Rory Elle was born April 4, with 11 days left in tax season, not something the couple had planned. Mike took three months of paternity leave, but Amy was in her busiest season.
"All that meant was I didn't put on my uniform or drive to the office," he said. "I worked at home and worked on things like fire code, and went to meetings. The job didn't go away. Amy went back to work two days after getting out of hospital. She's amazing for putting up with me and having a baby during tax season. We were really hoping the baby would be late but she came on her due date."
Owen Tuohy, now six and a half months, was born in March. His parents, Jennifer and Brian, are both Wood River volunteer firefighters.
"Each announcement was a surprise to us," Jennifer said. "They all came in pretty quick succession. It was a lot of fun and very exciting that it happened in the same period. It's been a nice bonding experience for us.
"My first shift was the day Castle Rock blew up on that Sunday. I was eight weeks at that point. I had to tell my shift leader I couldn't do anything. I spent all day at the station answering phone calls from worried people. I helped with staging at one point but everyone knew by then, so I was able to help without putting myself at risk. It was quite frustrating to not be able to do more. Ultimately everyone was blessed by having happy and safe births."
The only full-time firefighter couple is Rachel and Seth Martin, who are both on the Ketchum Fire Department. Their son Grayson was born in April.
"I didn't tell anyone, so during the fire I just worked in the stations," Rachel said. "The funny thing was the only baby in the fire department was Miles and Tory Canfield's at that point. We have a good group. Summer Bauer and I and Seth are friends from high school. We all graduated from Wood River High School in 1993."

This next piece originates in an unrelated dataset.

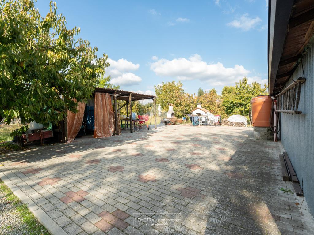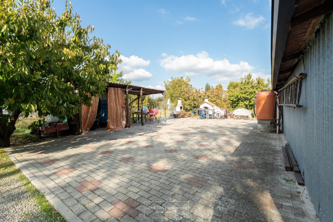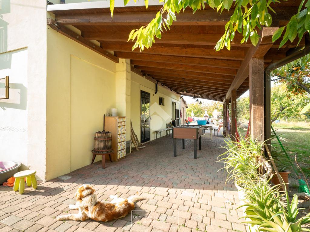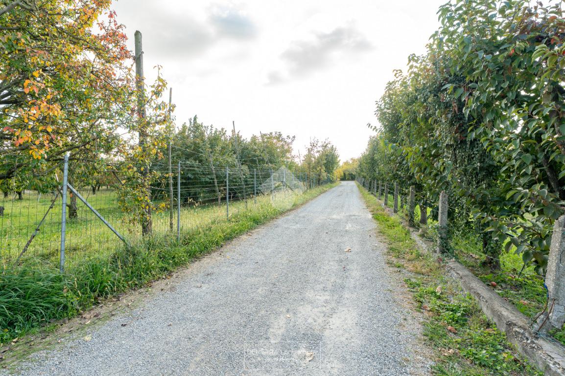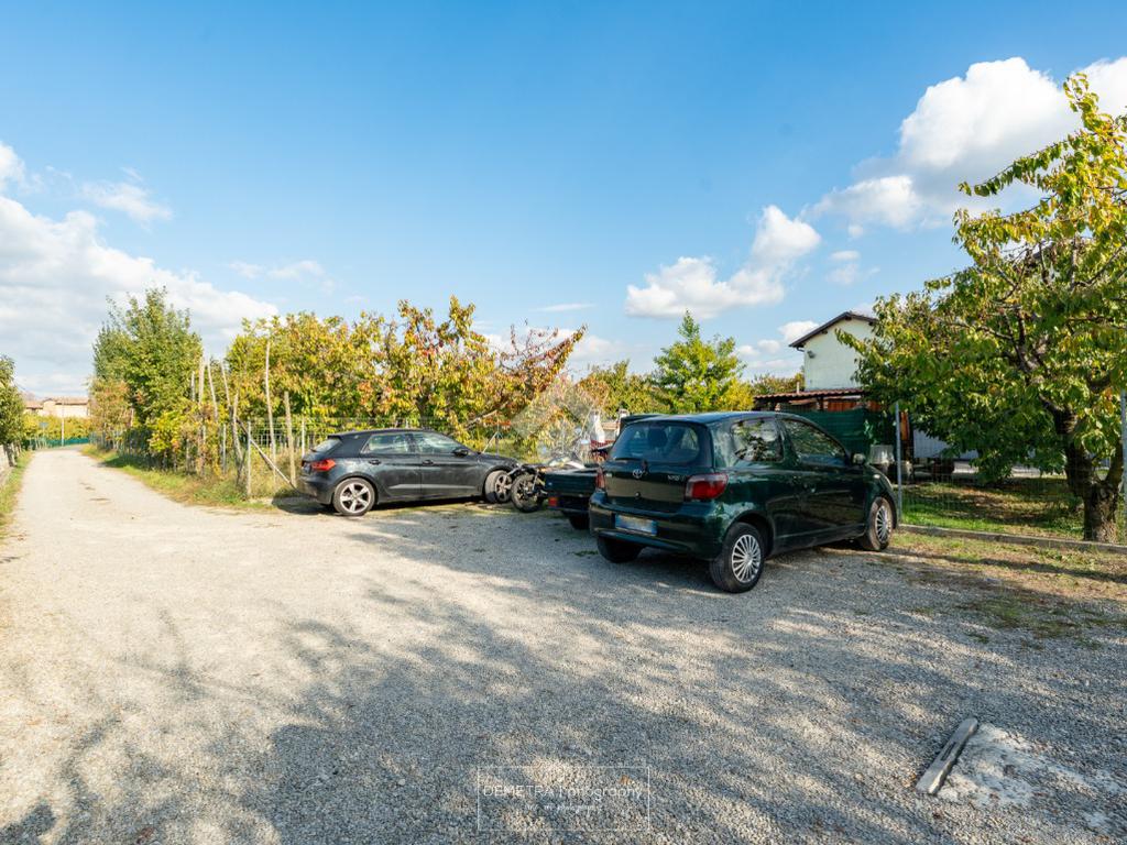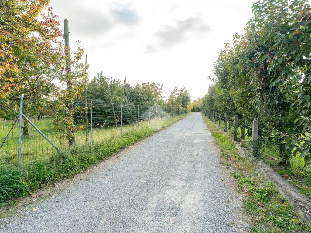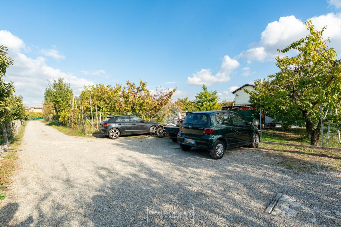 Il fabbricato esternamente si presenta parzialmente tinteggiato ed intonacato di giallo ed in parte in pietra a vista. Tutto attorno vi è l'area cortiliva, parzialmente inghiaiata e parzialmente pavimentata e circa 6000 mq di terreno piantumato a ciliege.

Though they have worked on getting together outside of work, it's not easy.
"We've only gotten together really once at a barbecue at the Bauers'," Sonja Huntsman said. "It was a blast."
However, this summer some of the parents took their babies to swim at the Y once a month and they met weekly at Jimmie's Garden in Hailey.
"The schedule for us is different than any other working parents because we have 24-hour shifts," Rachel said. "Our husbands do the same thing, so we really know where the other is coming from. Rich (Bauer) and Seth do ski patrol in winter and are paramedics, in addition to fire department. I'm back on full time now and Seth is on paternity leave until Oct. 1."
Summer agreed. "There's something special about being on, or in my case being married to someone on, the fire department. It's a unique environment. It's family-like."